In fact, Big Pharma has played a significant role in manufacturing our very definitions of mental illnesses and how they form in the first place. For example, the U.S. considers A.D.H.D. a neurological disorder whose symptoms are the result of biological disfunction or a chemical imbalance in the brain, much like many other mental disorders. However, other countries such as France see these mental disorders, including A.D.H.D., as a social context issue rather than a biological one, with many contributing factors and recommended treatments other than drugs. Dr. Marcia Angell, a physician, author, and the Editor-in-Chief of the New England Journal of Medicine, states:

When it was found that psychoactive drugs affect neurotransmitter levels in the brain, as evidenced mainly by the levels of their breakdown products in the spinal fluid, the theory arose that the cause of mental illness is an abnormality in the brain’s concentration of these chemicals that is specifically countered by the appropriate drug. For example, because Thorazine was found to lower dopamine levels in the brain, it was postulated that psychoses like schizophrenia are caused by too much dopamine. . . .

That was a great leap in logic . . . It was entirely possible that drugs that affected neurotransmitter levels could relieve symptoms even if neurotransmitters had nothing to do with the illness in the first place (and even possible that they relieved symptoms through some other mode of action entirely).



Why Pills Cannot Solve All of Our Problems

I’m not saying that you shouldn’t take prescription medication for mental illness; that’s something that you and your doctor should decide. However, if your doctor fails to address any other means of dealing with your mental health, always choosing pills first rather than as a last or even second resort, then perhaps you should think about finding a doctor who understands the benefits of at least considering alternative options.
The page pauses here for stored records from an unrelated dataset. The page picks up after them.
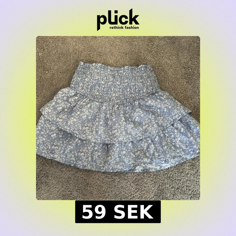 Supersöt blå kortkjol med vita små blommor och bred smock i midjan. Kjolen har dubbla volanger som ger en flowy och lekfull känsla. Perfekt för varma dagar och lätt att matcha med en enkel topp.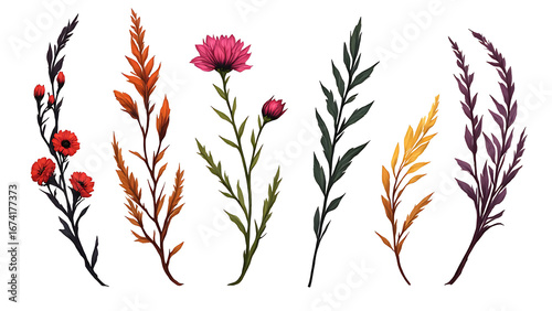 Elegant watercolor floral bouquet illustration featuring black, red, pink, white, orange, yellow, and purple flowers with lush green leaves, artistic floral frames, decorative borders, seamless 4K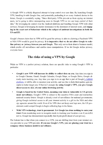 ment surveillance. Google’s VPN is subject to the secretive FISA court and warrantless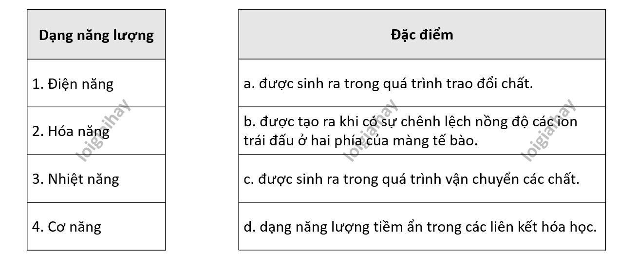 Hãy ghép các dạng năng lượng tương ứng với đặc điểm của chúng.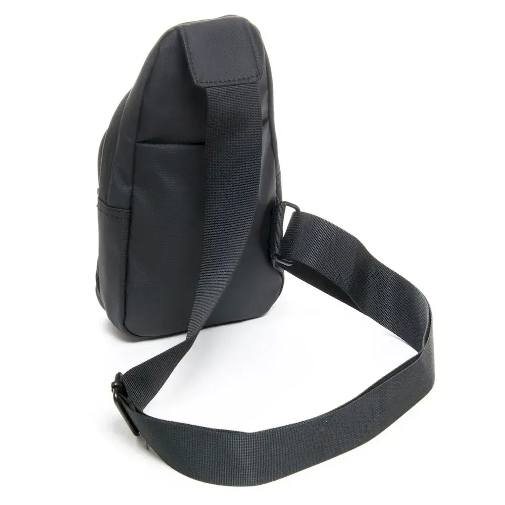 Мужская сумка Lanpad. Одно отделение, закрывается на молнию. Внутри отделения есть открытый карман. На фасаде находится карман на молнии, а на обратной стороне открытый карман. Регулируемый плечевой ремень.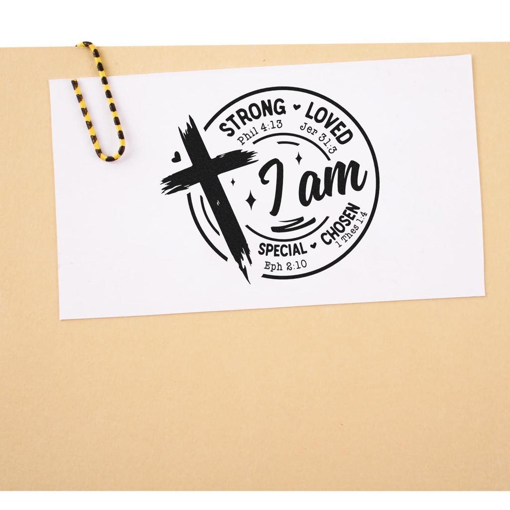 Limited-edition joy for your faith-filled crafts — the Pre-Inked “I Am Chosen” Scrapbook Stamp brings bold encouragement to every page with a playful brushstroke cross, round badge, and sweeping “I am” script surrounded by STRONG (Phil 4:13), LOVED (Jer 31:3), SPECIAL (Eph 2:10), CHOSEN (1 Thess 1:4) and tiny hearts for a lively, uplifting vibe.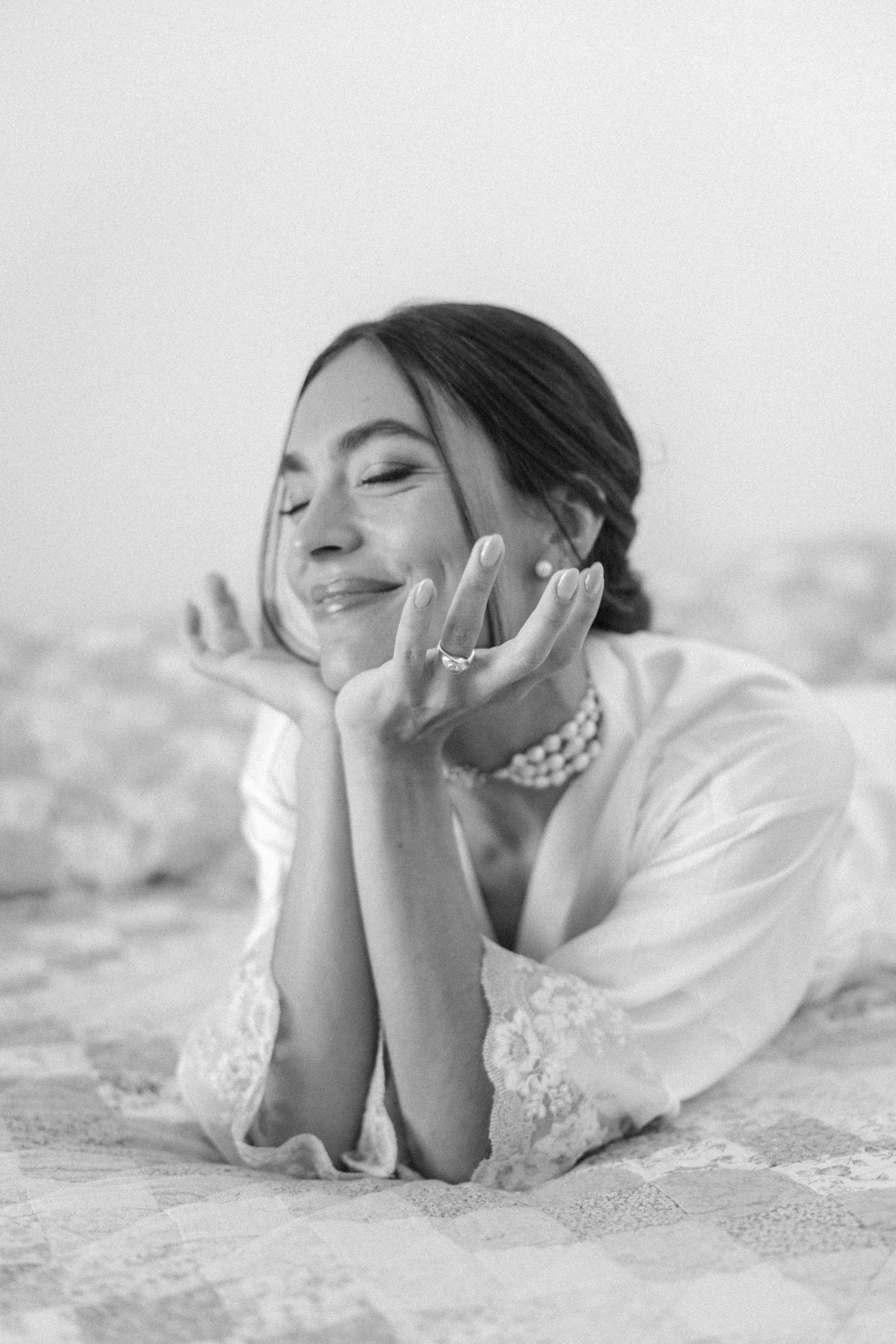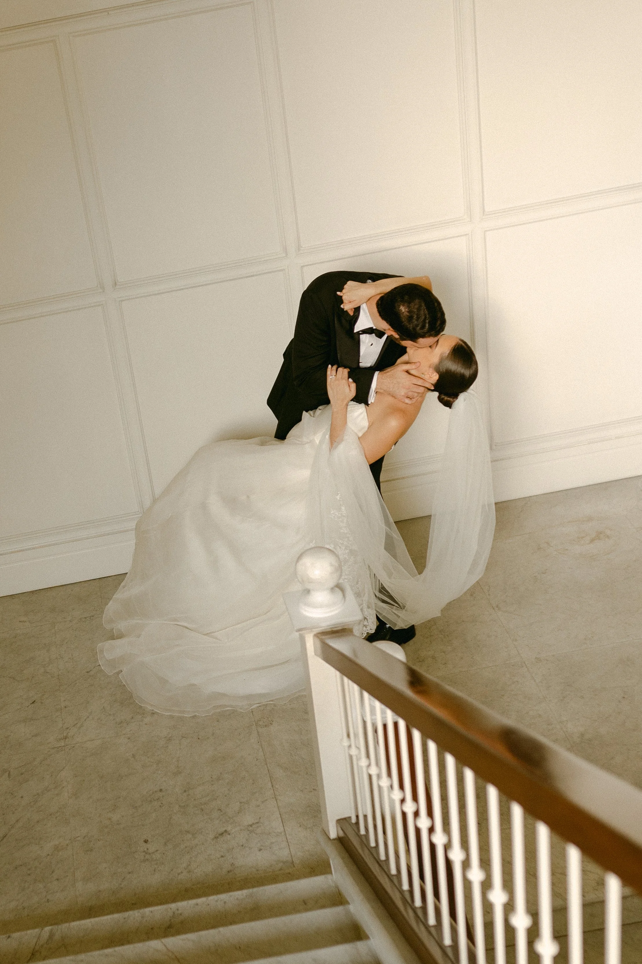 A black and white photograph of a bride and groom in a romantic moment, with the groom sitting and the bride leaning over him. The bride is wearing a wedding dress, a pearl necklace, and a veil, while the groom is in a tuxedo with a boutonniere, in a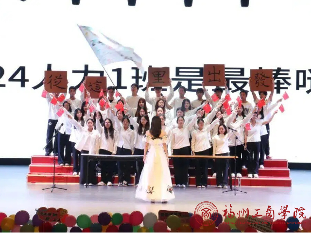 各班级纷纷亮出王牌创意,以多元表达诠释福工商学子的青春担当。或融舞狮雄姿与灵动舞姿于合唱之中,刚柔并济间让旋律更具层次张力;或采用领唱领引、轮唱呼应的演绎形式,声浪迭起中彰显丰富的声音表现力;或在演唱间隙嵌入情景朗诵,以质朴语言娓娓诉说在福工商的青春奋斗故事,真挚情感引发全场共鸣,台下掌声此起彼伏、经久不息。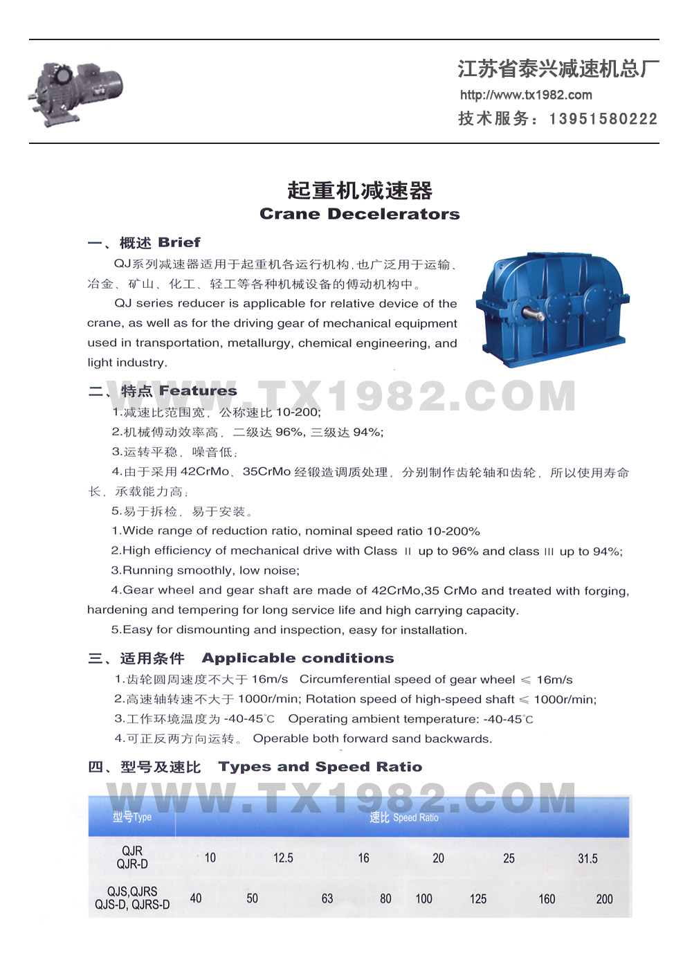 QJ系列減速器適用于起重機各有開機構,也廣泛用于遠輸、冶金、礦山、化工、輕工等各種機械設備搏動機構中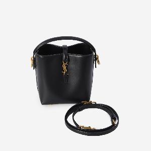 Le 37 bucket bag in black leather with Cassandre hook closure in gold-toned metal. It features leather handle, adjustable and removable leather strap, four metal feet on the bottom, one main internal scompartment and a suede lining.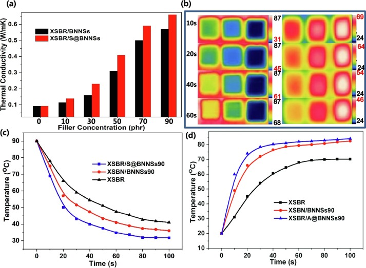 在本研究中,在超声条件下,吸附在氮化硼(BN)表面的离子液体分子使BN容易在咪唑的辅助下剥落成少层的氮化硼纳米片(BNNSs)。进一步合成了3-巯基丙基三甲氧基硅烷(MPTMS)接枝的BNNSs (S@BNNSs),并采用简易的乳胶复合法将其共混到橡胶基体中,最终制备了一种柔性热界面材料(TIM)。本课题系统研究了复合材料的界面之间的相互作用,及其对复合材料导热和机械性能的影响。实际应用测试证明其具有良好的散热潜力。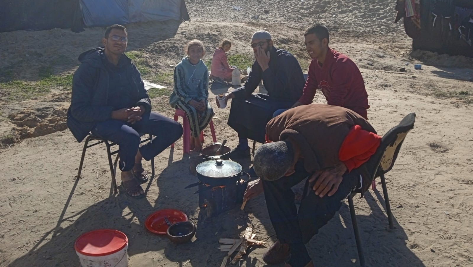 Ahmed (left) and Ward (far back) outside their tent in Rafah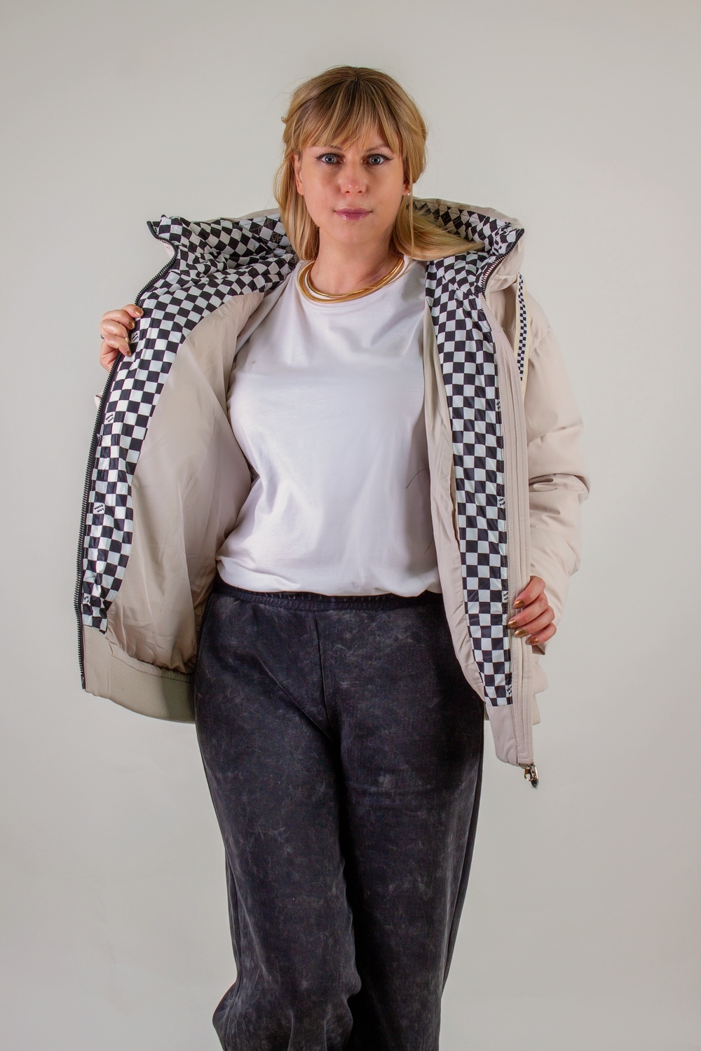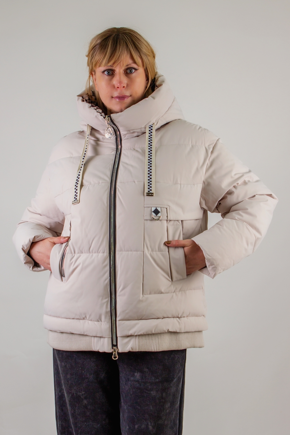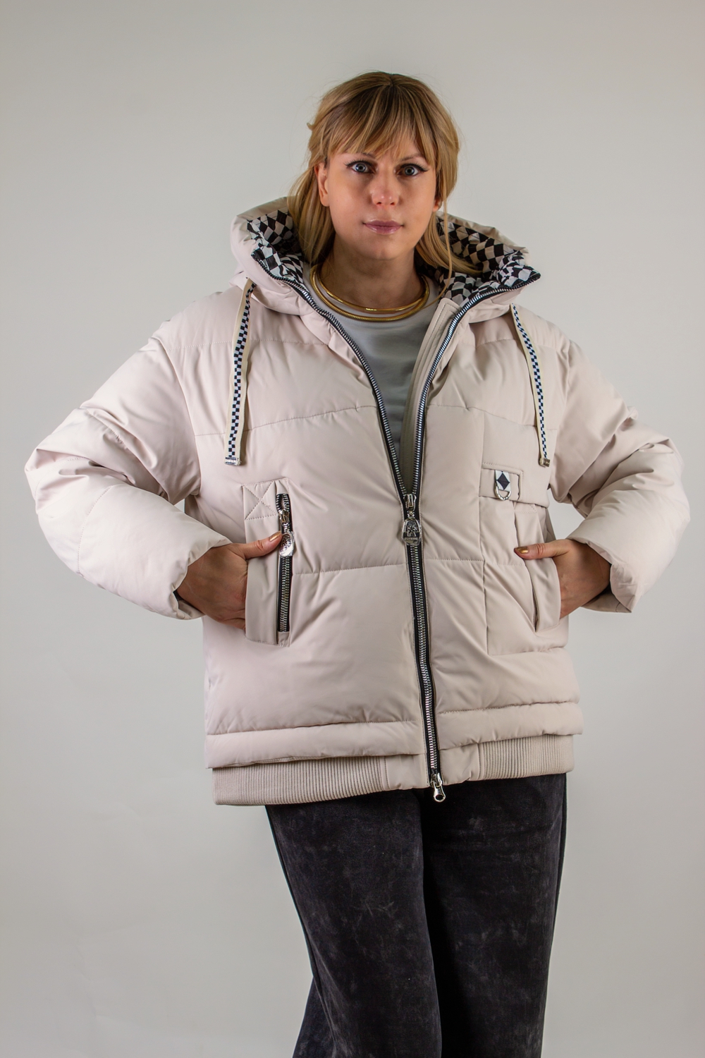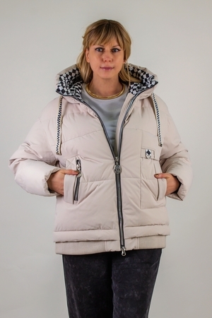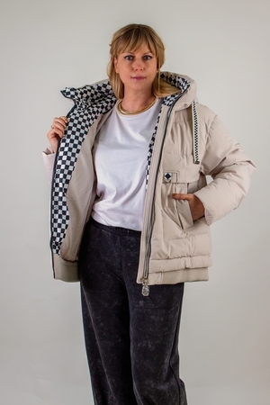 • Капюшон: объёмный, с регулировкой по глубине и окантовкой контрастным шнуром. Внутренняя отделка капюшона – оригинальный чёрно-белый шахматный принт, придающий модели дерзкий, игривый характер.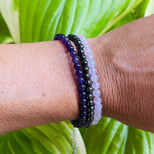 Ce bracelet associe la douceur du Quartz rose, la sagesse de l'Améthyste et la force de I'Hématite aimantée pour un parfait équilibre entre émotions, corps et esprit. Acier inoxydable. Long 16/21cm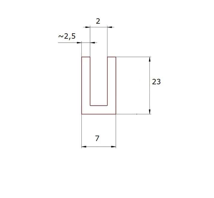 Uszczelka typ U 23x7x2mm ścianka 2,5mm transp. 0231311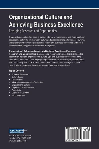 Organizational culture has been a topic of interest to researchers, and there has been specific interest in the link between culture and organizational performance. However, the relationship between organizational culture and business excellence and how to achieve outstanding performance is still ambiguous. Organizational Culture and Achieving Business Excellence: Emerging Research and Opportunities is an essential research reference that examines the association between organizational culture type and business excellence and the moderating effect of ICT use. Highlighting topics such as data analysis, culture types, and productivity, this book is ideal for business professionals, managers, private organizations, government agencies, researchers, and academicians.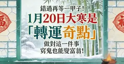 錯過再等一甲子!1月20日大寒是「轉運奇點」,做對這一件事,窮鬼也能變富翁!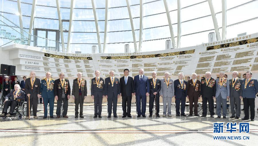 5月11日,國家主席習(xí)近平同白俄羅斯總統(tǒng)盧卡申科在明斯克衛(wèi)國戰(zhàn)爭歷史博物館會見15名白俄羅斯第二次世界大戰(zhàn)老戰(zhàn)士代表。 新華社記者謝環(huán)馳 攝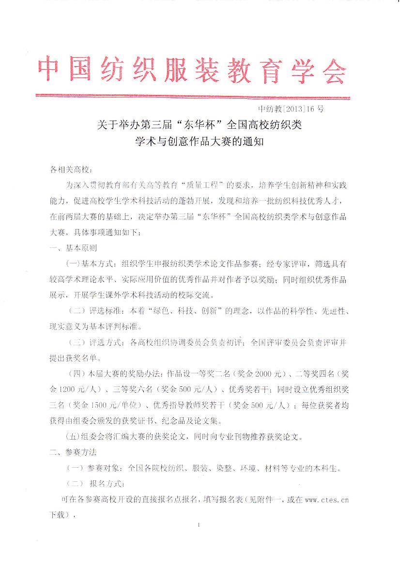 关于举办第三届“东华杯”全国高校纺织类学术与创意作品大赛的通知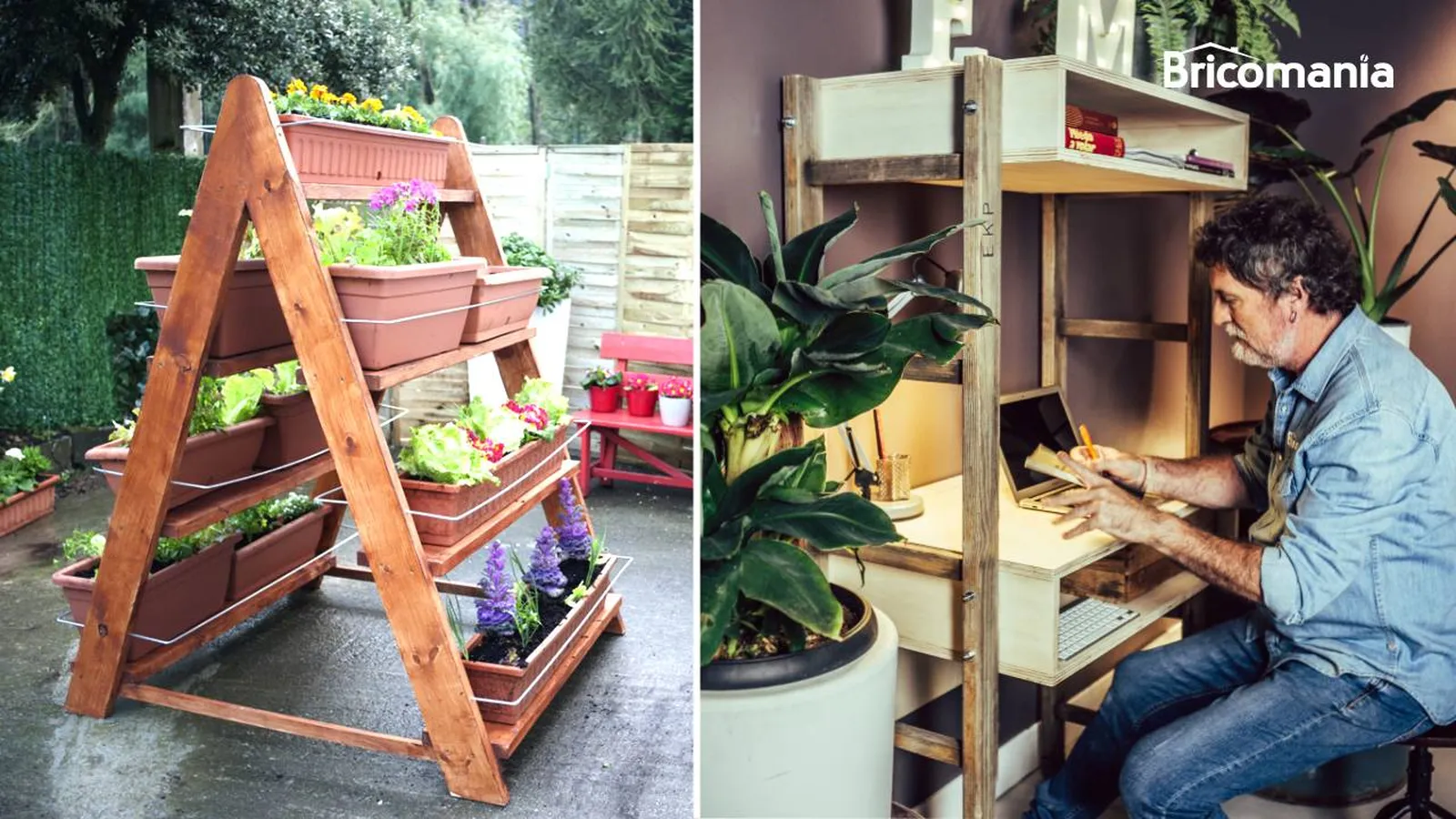 Reutilizando una escalera vieja y colocándole algunas baldas con tableros de madera de pino conseguiremos una pequeña jardinera o huerto. ¿Os animáis a hacer una escalera para huerto?

It’s important to note that even if prescription drugs are the reason our mental health is worsening, they’re certainly not the only reason. We’ve increased our amount of time spent using technology, staying indoors, and being sedentary, as well as worsened our diets and overall physical health with fast food, chemicals, toxins, animal products, and more — all of which may contribute to this decline in mental health.

However, there’s no denying the fact that Big Pharma has had a tangible and worrisome role in the psychiatric drug epidemic. Medical journalist and Pulitzer Prize nominee Robert Whitaker addresses this “inconvenient truth” by using depression as an example. Depression used to be considered a self-limiting illness that, even in severe situations where a patient requires hospitalization, could be cured within six to eight months. Very rarely would patients relapse, and if they did it would typically be many years later.

When antidepressants hit the market, our outlook on depression completely shifted. Even though antidepressants may have been created with good intentions, the reality is that patients taking these drugs are relapsing more quickly and more often. Whitaker explains that many patients on antidepressants will only recover partially in comparison to the full recoveries he’s seen in people who never took them in the first place.

In fact, only around 15% of those treated with antidepressants actually go into remission and maintain their mental health long-term. The other 85% are continuously relapsing or experience chronic depression.

It is clear that in many cases, we need to stop looking for outside help when it comes to our mental health. Our mental health is just that — it’s ours. It’s controlled by us, whether we like it or not. Many mental illnesses don’t stem from biological issues, contrary to what Big Pharma wants you to think, but are rather the result of different stressors in our lives. So, if we were able to connect with ourselves on a deeper level and actually get to the root of the problem, perhaps some of these disorders wouldn’t be so severe.